Comme nous l’avons vu, ce sont les institutions qui forment les règles du jeu au Vietnam. Ces
mêmes institutions entraînent conséquemment des coûts de transaction lorsque l’information est trop
partielle et imparfaite par rapport à la situation réelle. C’est cette « fameuse différence » dont on parle
souvent entre la théorie et la pratique. Les coûts de transaction sont très importants au Vietnam et ils
causent de ce fait un manque d’efficacité nuisant au développement économique. Ils se présentent sous
différentes formes telles que pots-de-vin, pertes de temps et incertitude.

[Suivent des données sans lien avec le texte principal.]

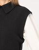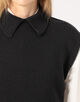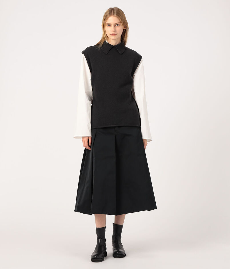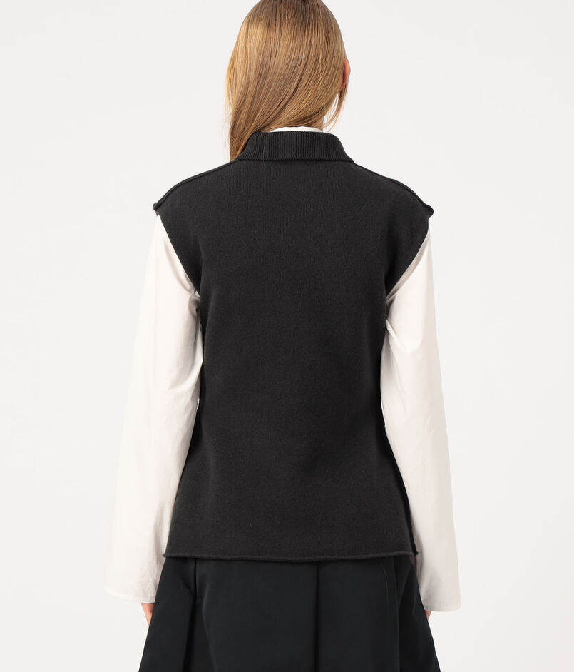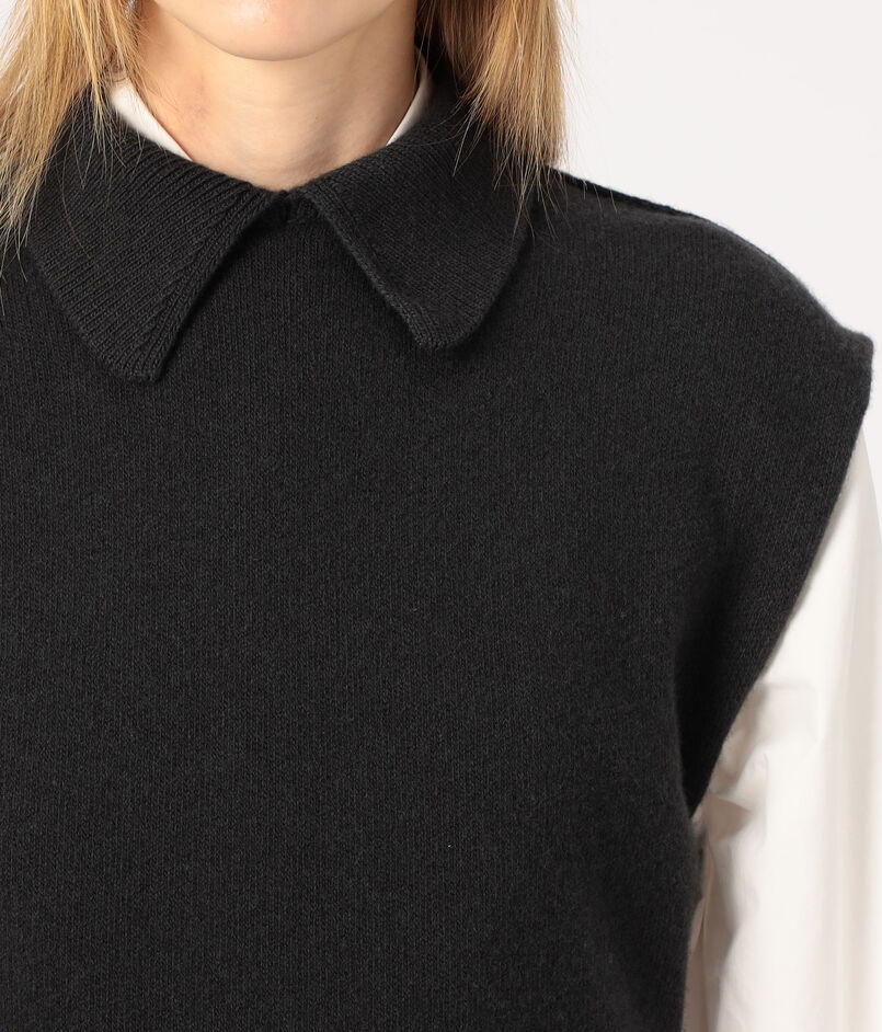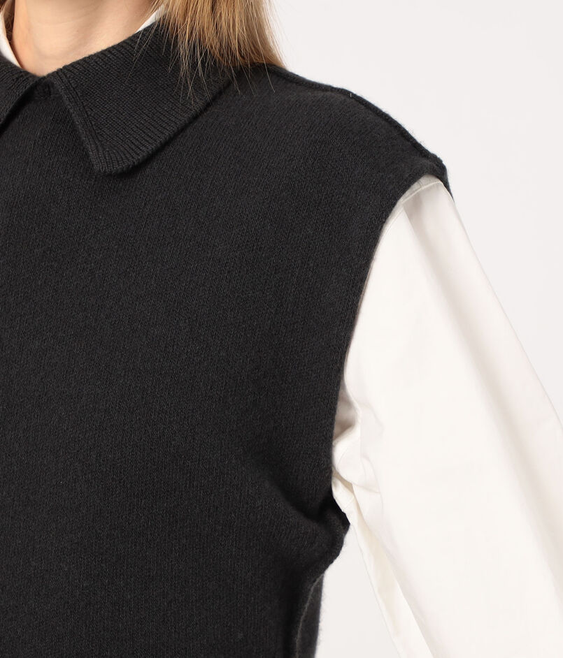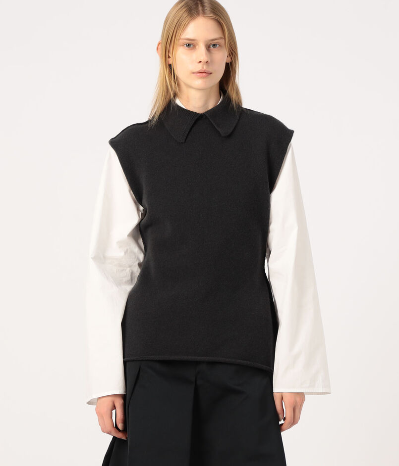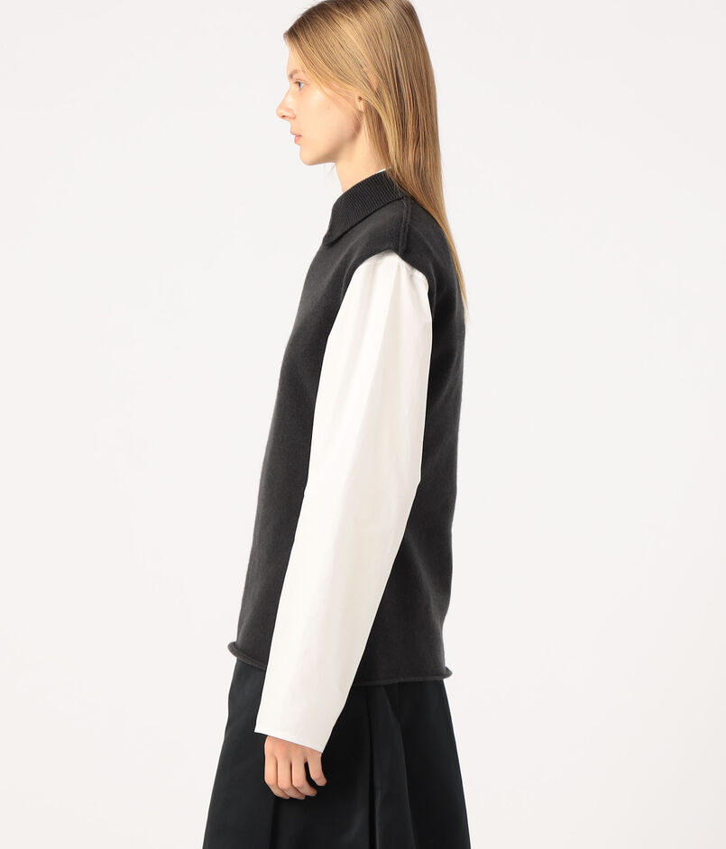 肩先までのフレンチスリーブで、一枚ではもちろんベストのようにレイヤードしても着用いただけます。
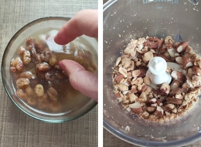 – Die Rosinen für ca. 15 Minuten einweichen, dann abspülen und gut trocken tupfen. (Wenn Sie sie nicht einweichen möchten, spülen Sie sie trotzdem ab und trocknen Sie sie dann.) – Die Nüsse grob hacken.
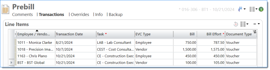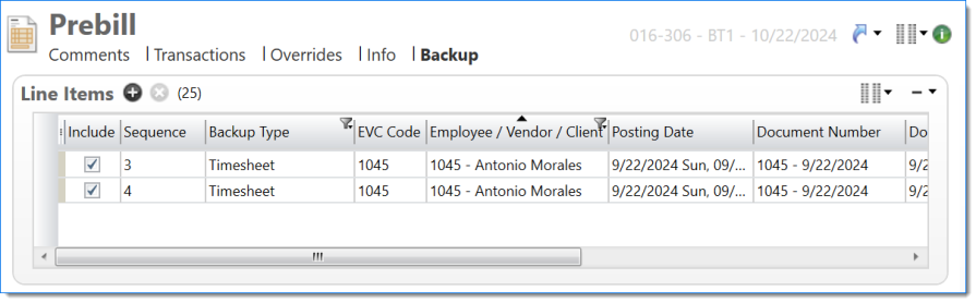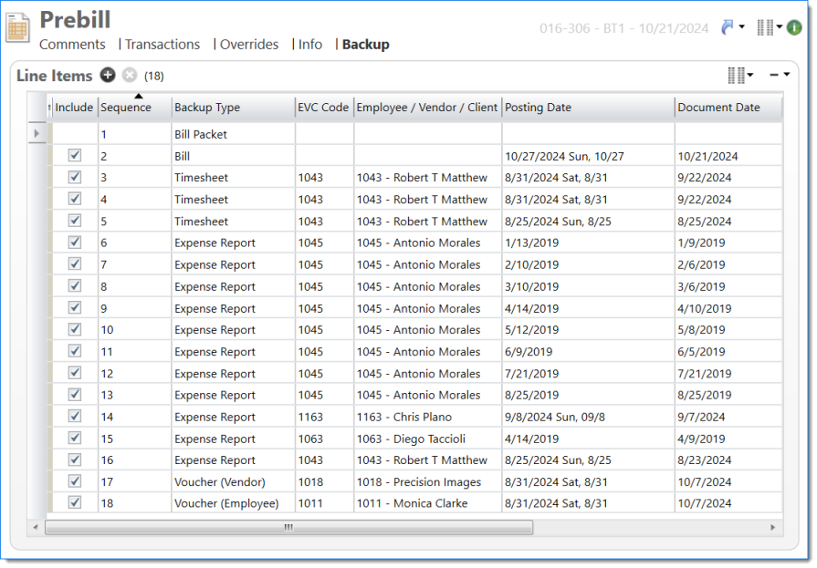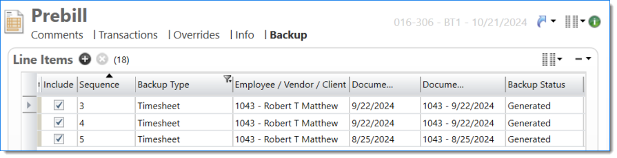 Example of Prebill Backup with one timesheet report per backup Bill Task, with transactions
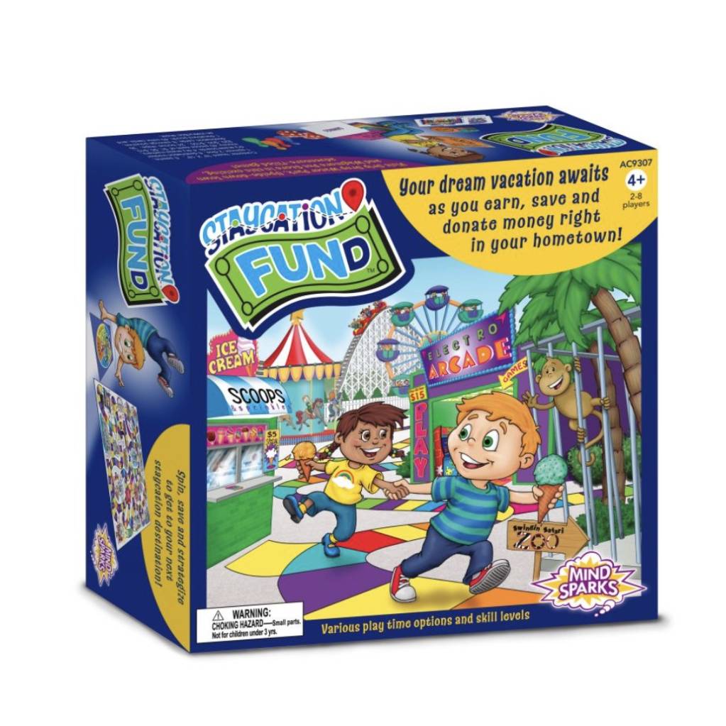 Fun vacation spots await you right in your own hometown! Roll the dice and travel around the colorful game board earning, saving and donating money. Visit the aquarium, the pet store, stop for ice cream, catch a movie and hit the arcade in this exciting, adventure-filled game. Mind Sparks® Staycation FUNd™ teaches children the value of money, as well as math and decision-making skills. Play with up to eight players in your home or classroom. Game board measures 18" x 18" and features 15 fun destinations. Box contents include eight pawns, one spinner, two dice, eight destination tracker dry erase boards, four dry erase markers, 30 destination cards, 40 pieces of money in each denomination ($1, $5, $10, $20, $50, $100), 24 bonus chips, eight savings pouches, one donations pouch, 40 color cards and an instruction sheet. Ideal for ages 4+.

Tout d’abord, lorsqu’on parle d’information, les médias sont souvent concernés. En effet,
puisqu’ils sont contrôlés et supervisés par l’État, ils empêchent parfois la circulation de la vérité. Ainsi,
l’information s’avère difficilement accessible et pour l’obtenir, il faut savoir l’acquérir. Cette intervention
gouvernementale nuit donc à l’efficacité économique puisqu’en présence d’une information imparfaite,
l’incertitude règne. Celle-ci est tellement présente, autant parmi les institutions formelles qu’informelles,
que d’importants coûts de transaction en découlent.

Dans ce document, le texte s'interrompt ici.